Fico triste. Parece que nunca teremos outro Vermeer. Ele que soube aproveitar e entender tão bem a luz do dia através de uma janela como um toque que doura e dignifica o nível do facilmente digerível e perceptível e (claro) lúbrico, como tema e a penumbra que lhe fazia oposição e ocultava a gama de significados necessários ao mistério e à tudo que, por permanecer indecifrável, é o lugar de sobrevivência da arte.
Não é tão alegre acionar um interruptor e ver despejar-se agressivamente a luz amarela de uma lâmpada elétrica como era alegre, intimamente alegre, o acender dos candeeiros.
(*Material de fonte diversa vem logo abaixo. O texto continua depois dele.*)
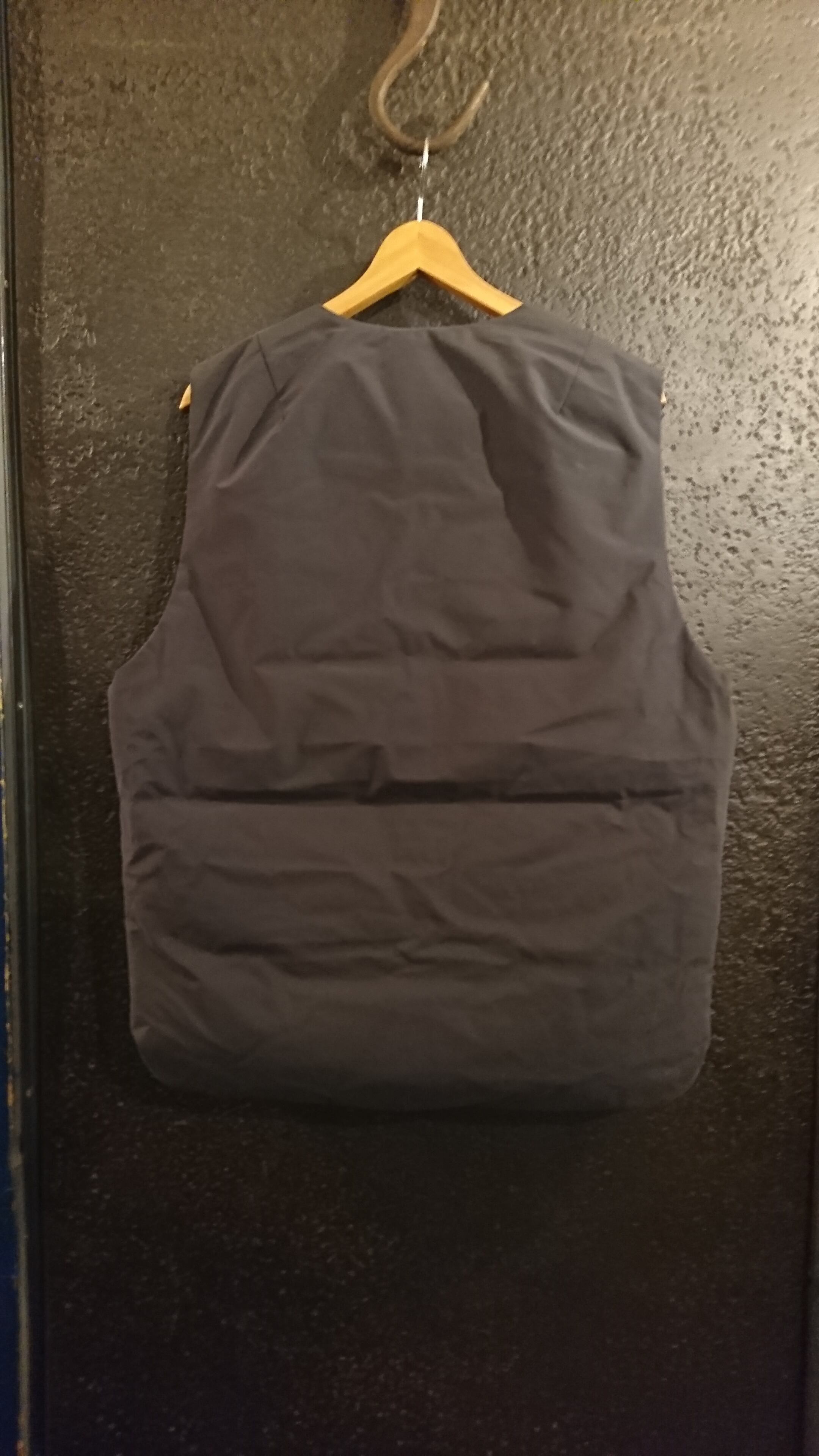 70sのデニムやダックのワークベストをアップデートし生地を前回のダウンジャケットに使用したWASEWオリジナル3レイヤー生地を表地に、裏地には通気性の良いリップストップの超軽量ナイロンを使用しました。

Um ritual magnífico quando se levantavam os adultos todos juntos seguindo pelo corredor escuro. Logo uma luz mortiça na cozinha e o cheiro delicioso de querosene. Avançavam o corredor cada qual com seu candeeiro como uma procissão e depunham-nos sobre as mesas ou penduravam-lhes aos ganchos presos nos caibros do telhado. Sempre em silêncio ou murmúrio porque logo em seguida o radio faria soar a ave-maria.
Fico imaginando o que meditavam sobre a invenção dos candeeiros os acostumados à fricção do sílex.

3 comentários:

ninguém disse...

ô texto inspirado, menino. entrei na cena e te juro que é ruim sair.
bj

Cynthia Lopes disse...

Mercúrio vive!!!! É bom desconfiar do que todo mundo parece adorar sem entender. Visitando outros mensageiros cheguei até seu blog (irresistível), um grande abraço, Cynthia

Petra Constantino disse...

Proguedir sem se esquecer num canto qualquer da vida, ou num munturo qualquer da via-láctea seria o segredo. Entendo que as coisas evoluem, e devem evoluir. Porém, não compreendo evolução como abandono. A base do novo está justamente no mais antigo. Mas, se o novo é uma novidade tão grande assim, que nem temos uma base dele em nossa memória, então diria que aí não houve evolução de uma mesma coisa, mas uma imposição de uma outra, e pior, com um falso rótulo de "melhor". Grande abraço!